Coriat, que dice inspirarse en Lovecraft, busca "el contraste entre la oscuridad y la luz en sus pinturas" y emplea los más diversos materiales y procedimientos artísticos para expresar su idea del universo y de la evolución humana.
Los mundos imaginados por Coriat se plasman en series de dibujos, de manera que cada uno se incluye en el siguiente a modo de punto. Es necesaria una lupa para apreciar los trazos milimétricos de estos universos fantásticos que se introducen en otro dibujo, como si hubiesen sido devorados por éste.
Estos mundos, que se meten unos dentro de otros como muñecas rusas, le sirven a Coriat para expresar dos conceptos básicos. Uno de ellos es el hecho de que "el universo está conformado por pequeñas unidades que se organizan en sistemas más amplios". La otra idea que pretende expresar este artista polifacético pertenece al ámbito de la psicología y del existencialismo, se trata de que "cuando tenemos un problema, tenemos que analizarlo desde un punto de vista global para hacerlo más pequeño y encontrarle una solución. Se trata de volver al pasado y ver de dónde procede", comenta el artista francés.

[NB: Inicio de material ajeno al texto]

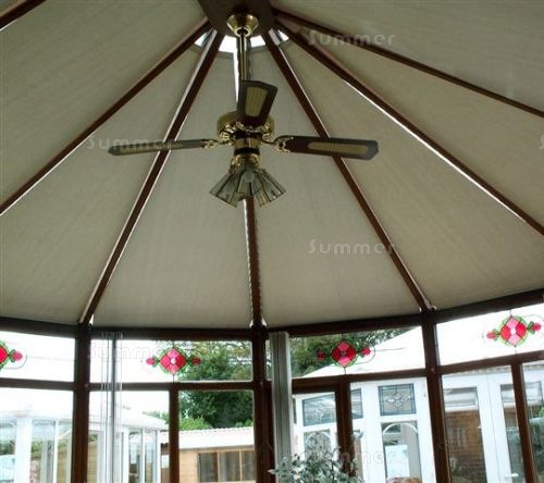 The 4 images below are internal views which show how the display conservatories were fully finished with roof blinds, vertical blinds, tiled floors, cane furniture and ceiling fans - all of which were available as optional accessories. Many conservatory customers were attracted by this all inclusive one stop shopping experience.

"Crear seres fantásticos sin perder de vista la belleza y partiendo del mundo natural" es otro de los objetivos de Coriat en sus obras, para las que utiliza soportes que van desde el diseño digital hasta la escultura, pasando por la pintura al óleo, todas ellas centradas en la fantasía y en la ciencia ficción más próxima a la naturaleza. Los diseños del artista pueden verse en Internet en la dirección electrónica www.multimania.com/mystrav/ko/PAGE.HTML. La informática le permite jugar con el tamaño de sus dibujos y sobre todo les proporciona movimiento, pero Coriat prefiere "tocar sus obras, abrazarlas y tener la seguridad de que no van a desaparecer dentro de la pantalla". “El ordenador es simplemente una herramienta más”, afirma
Coriat.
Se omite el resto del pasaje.